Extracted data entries
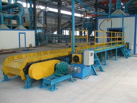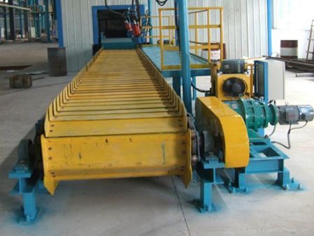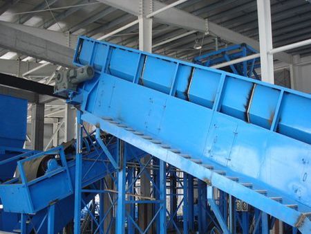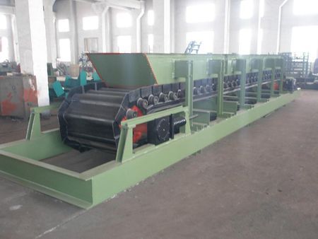 其結構特點是槽體由鋼板沖壓成帶擋邊的波浪形底板, 有足夠的強度和剛度, 牽引鏈與槽體用螺栓連接, 自重輕。該產品已廣泛用于鑄造、建材、礦山、造紙等行業, 其中已使用的產品鱗板犬寬度為2400mm, 輸送機大長度L=100m,爬升大高度為10m。
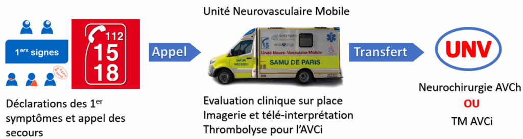L’une des innovations les plus prometteuses consiste à amener les outils diagnostic et thérapeutiques au plus près des patients dans des Mobile Stroke Units (MSU) ou Unité Neurovasculaire Mobile (UNVM). Ce sont des ambulances avec une équipe spécialement formée à bord pour l’utilisation d’un scanner cérébral, d’un laboratoire biologique d’appoint et d’une solution de télémédecine reliée aux centres experts AVC. L’utilisation d’UNVM à Berlin et aux Etats-Unis a permis une réduction des délais de prise en charge des patients et une réduction du handicap par rapport aux parcours habituels. Les études ont notamment démontré une augmentation de 22% de l’accès à la thrombolyse passant de 79,5 % des patients éligibles à 97,1 %. Le temps médian pour l'initiation de la thrombolyse a également pu être raccourci en passant de 108 à 72 minutes.
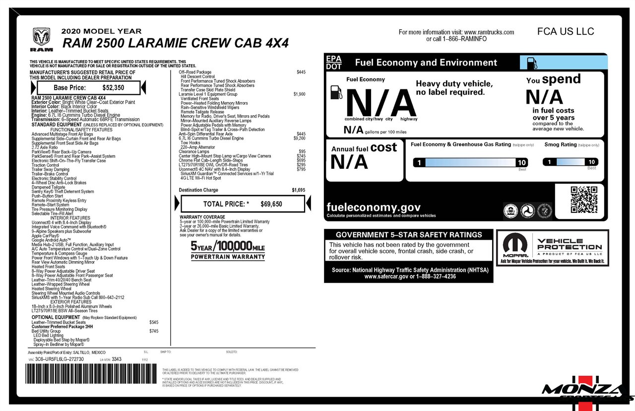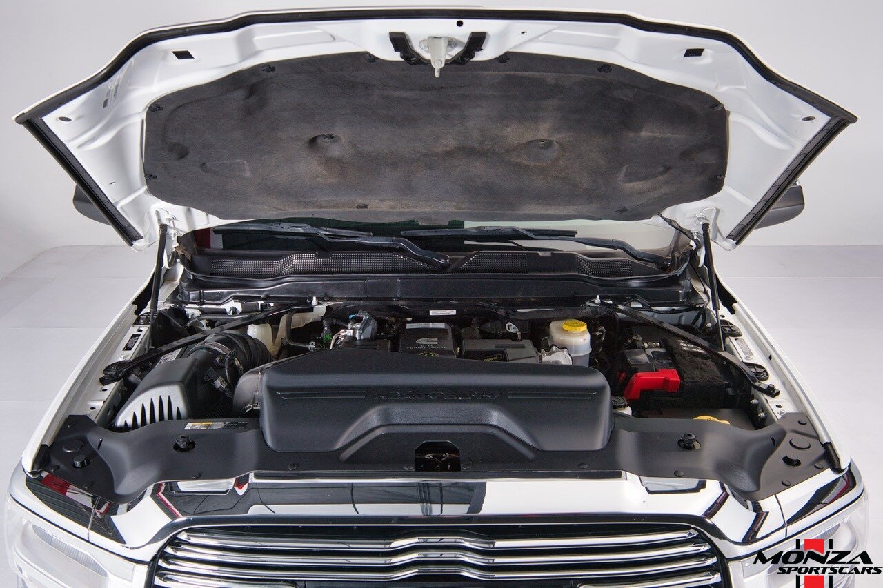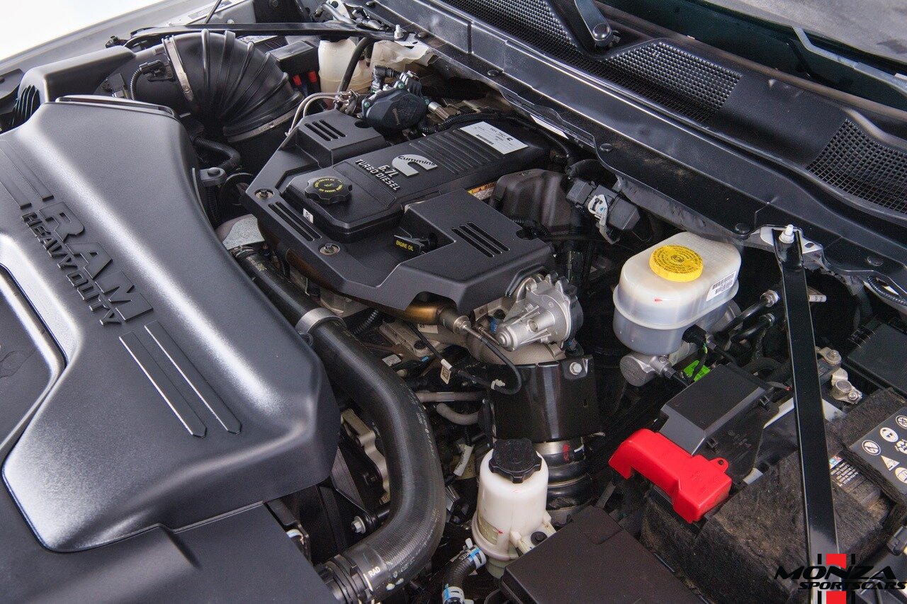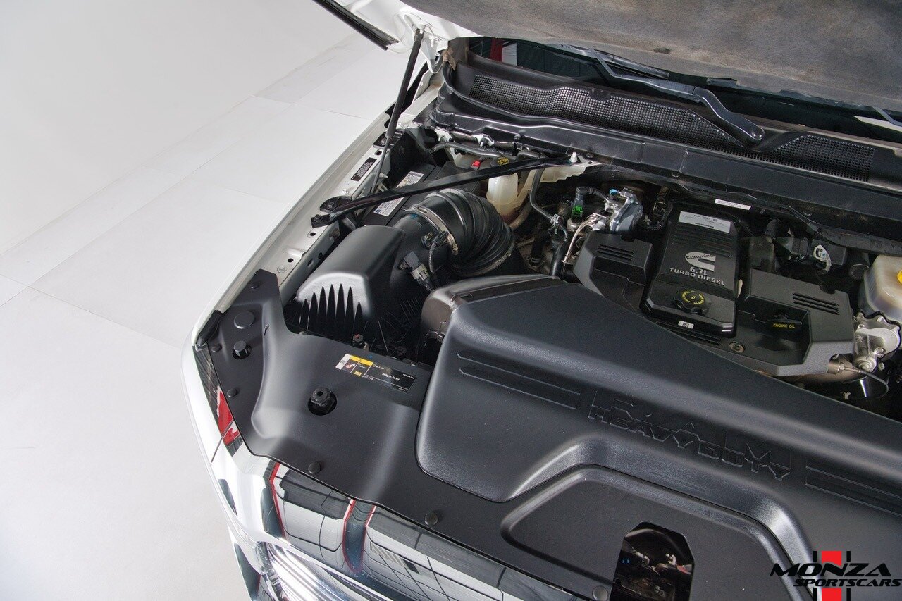 - Quick Order Package 2HHIncludes vehicle with standard equipment, Cummins 6.7L I6 turbo diesel engine rated at 370 hp @ 2800 rpm and 850 ft. lbs. of torque at 1700 rpm, diesel exhaust brake, heavy duty engine cooling, selective catalytic reduction, 220 amp alternator, dual 730 amp batteries, 6-speed automatic transmission, chrome accent shift knob, supplemental heater, RAM active air, front tow hooks, Cummins badge, capless fuel filler, and active noise-control system.
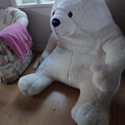 Stoy gungbjörn i fint begagnat skick. Finns 1 liten obehandlad fläck mitt på huvudet. Rökfritt hem. Finns en kanin i hemmet men hann fanns inte i hemmet när barnet använde den, stått på vinden i 3 år.
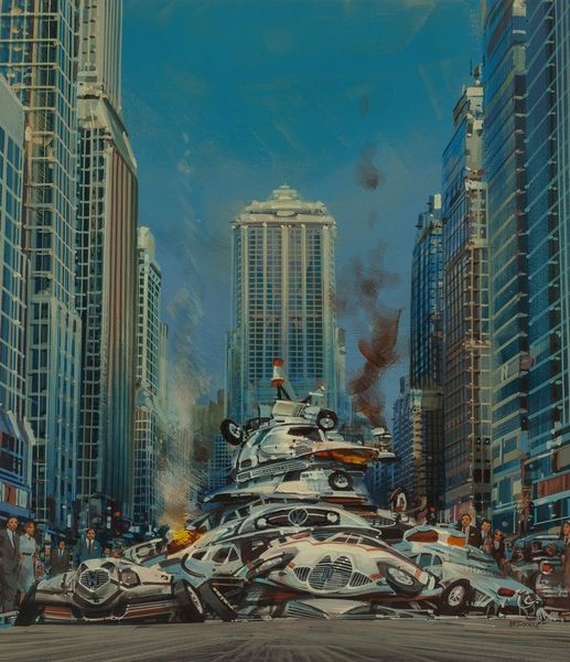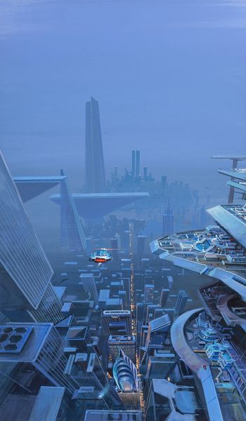 John Conrad Berkey made this Otis Elevator advertisement, with I'm guessing, oil on board. Looking at his brushwork, you can tell artmaking for Berkey was very much a process. The paint application is super interesting; it's thick in some areas and thin in others, creating a wonderful texture that adds depth to the futuristic cityscape. The color palette is restrained, mostly whites and blues, but there's a real vibrancy in how they're applied. Take a look at the top of the main building, where Berkey uses quick, gestural strokes to create the domed roof. It's almost as if he's building up the structure right before our eyes. You can almost feel the energy and movement in his process. Berkey's work reminds me a bit of Chesley Bonestell, another artist who explored the aesthetics of science and technology, but with a more painterly, expressive approach. It's cool how artists can interpret similar themes in such different ways, right? And it just goes to show that art is always a conversation, an ongoing exchange of ideas across time.

• Work to complete:
Set down exactly the lines running from the beginning of the entries above to the line that contains "L’une des innovations", including both, and leave out pictures.

• Answer for the task:
 其結構特點是槽體由鋼板沖壓成帶擋邊的波浪形底板, 有足夠的強度和剛度, 牽引鏈與槽體用螺栓連接, 自重輕。該產品已廣泛用于鑄造、建材、礦山、造紙等行業, 其中已使用的產品鱗板犬寬度為2400mm, 輸送機大長度L=100m,爬升大高度為10m。
L’une des innovations les plus prometteuses consiste à amener les outils diagnostic et thérapeutiques au plus près des patients dans des Mobile Stroke Units (MSU) ou Unité Neurovasculaire Mobile (UNVM). Ce sont des ambulances avec une équipe spécialement formée à bord pour l’utilisation d’un scanner cérébral, d’un laboratoire biologique d’appoint et d’une solution de télémédecine reliée aux centres experts AVC. L’utilisation d’UNVM à Berlin et aux Etats-Unis a permis une réduction des délais de prise en charge des patients et une réduction du handicap par rapport aux parcours habituels. Les études ont notamment démontré une augmentation de 22% de l’accès à la thrombolyse passant de 79,5 % des patients éligibles à 97,1 %. Le temps médian pour l'initiation de la thrombolyse a également pu être raccourci en passant de 108 à 72 minutes.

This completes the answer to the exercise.